Your instructions:
Your answer should repeat exactly the lines from the one holding "再譬如,蒙娜丽莎2022年前" through the end of the data, and it should contain no pictures.

Dataset content:
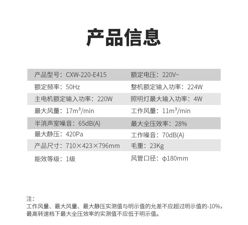 前鋒近吸式吸油煙機(jī)E415
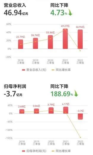 再譬如,蒙娜丽莎2022年前三季度的营业收入为46.94亿元,同比下降4.73%;净利润为-3.70亿元,同比下降188.73%。
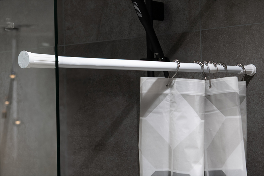 Ta nosilec za tuš zaveso je izjemno enostaven za namestitev, saj ne zahteva vrtanja. Preprosto ga namestite med dve steni in prilagodite dolžino. Gumijasti, nedrseči končki zagotavljajo, da ostane varno na svojem mestu. Dolžina palice za tuš zaveso je nastavljiva in znaša od 140 do 260 cm.

Task result:
 再譬如,蒙娜丽莎2022年前三季度的营业收入为46.94亿元,同比下降4.73%;净利润为-3.70亿元,同比下降188.73%。
 Ta nosilec za tuš zaveso je izjemno enostaven za namestitev, saj ne zahteva vrtanja. Preprosto ga namestite med dve steni in prilagodite dolžino. Gumijasti, nedrseči končki zagotavljajo, da ostane varno na svojem mestu. Dolžina palice za tuš zaveso je nastavljiva in znaša od 140 do 260 cm.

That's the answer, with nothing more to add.